Every British radio owner pays an annual fee of £1. BBC operates on only three wave lengths: the "Light" (mostly variety shows and dance music), the "Home" (slightly heavier fare), and the "Third Program" (strictly cultural). Thousands of listeners add to BBC revenues by buying BBC publications. Radio Times, a sort of fan magazine and weekly listing of programs, has a 6,000,000 circulation; The Listener, which reprints BBC talks, goes to 140,000; London Calling is subscribed to by 16,000 listeners overseas.
In the BBC Quarterly, a sort of trade journal with a small circulation, nine British pundits have just completed a long, solemn look at radio in its larger social aspects. Since the British experts strongly favor their brand of radio, the assortment of brickbats and posies they lob at the U.S. will be particularly interesting to U.S. radiomen.
One Mistake. Radio's biggest impact has been in politics, says Viscount Samuel, elder statesman and philosopher. "A single speech may found a national reputation," but "one mistake may be magnified into a catastrophe. A succession of eloquent and moving broadcasts during the war helped Mr. Churchill to win fame and influence . . . The war over, a single broadcast, out of tune with the spirit and mood of the people, brought disaster."*
Radio as a cultural phenomenon impressed Oxford Historian E. L. Woodward because "for the first time a single voice can address the whole world." In praise of BBC, Woodward says that the British "at once saw the control of broadcasting as one of the problems of liberty. They treated this new source of power over men as they had treated in the past the power of kings and magnates . . . Considered politically, the arrangements governing the BBC and its broadcasts follow the same lines of thought as the order and rules under which the House of Commons has protected the freedom of debate, the interest of minorities, and the dignity of the quiet and moderate speaker." Woodward believes that "every country gets the broadcasting it deserves." In a parenthetical swipe at Hollywood, he adds that, "It is not true that every country gets the films it deserves; most countries get the films which the least educated section of the American plutocracy sends them."

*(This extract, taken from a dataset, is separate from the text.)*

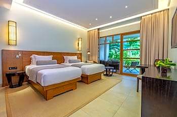 Located on Beau Vallon Beach, Savoy Resort & Spa offers 2 restaurants, 1 bar, a large 700 sqm outdoor pool and a 24-hour front desk. Central Victoria is a 6-minute drive away. Free WiFi is available. The modern and spacious rooms and suites are equipped with a balcony, flat-screen satellite TV, mini-bar and air conditioning. The Executive Suites offer ocean views. Featuring a shower, private bathrooms also come with a bath and a hairdryer. Personalized butler service is available for Penthouse guests. Culinary cuisine can be enjoyed at Pescado, overlooking the resort’s pool while Grand Savoy offers a sumptuous breakfast. A variety of massages and beauty treatments are available at Savoy Spa. There is an adults-only swimming pool, a yoga pavilion and 2 saunas. For families with children, the Savoy kids’ club is open daily. The resort also offers a tennis court and a fitness center. Staff at Savoy Resort & Spa can help you organize trips in Mahe or a day trip to other islands. The Botanical Garden is 3.1 mi away and Seychelles International Airport can be reached within 25 minutes by car.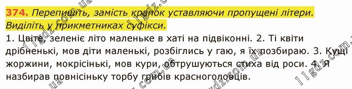 Перепишіть, замість крапок уставляючи пропущені літери. Виділіть у прикметниках суфікси. 1. Цвіте, зеленіє літо маленьке в хаті на підвіконні. 2. Ті квіти дрібненькі, мов діти маленькі, розбіглись у гаю, я їх позбираю. 3. Кущі жоржини, мокрісінькі, мов кури, обтрушуються стиха від роси. 4. Я назбирав повнісіньку торбу грибів красноголовців.

As for radio's sins, Woodward has a typically British complaint: "By adding to speech, the BBC has lessened the amount of desirable silence in the world."
Deliberately Dull? Journalist Ivor Brown thinks there is something to be said for the "odd appetite for knowledge in our times, an appetite which radio [through quiz shows] stimulates and feeds." With relief and some surprise he notes that radio, "instead of flattening out all our accents and idioms, and reducing the rich variety of our national speech . . . has actually popularized diversity." Even "American and Canadian voices seem to have especial powers of coaxing one to listen and to like what one hears."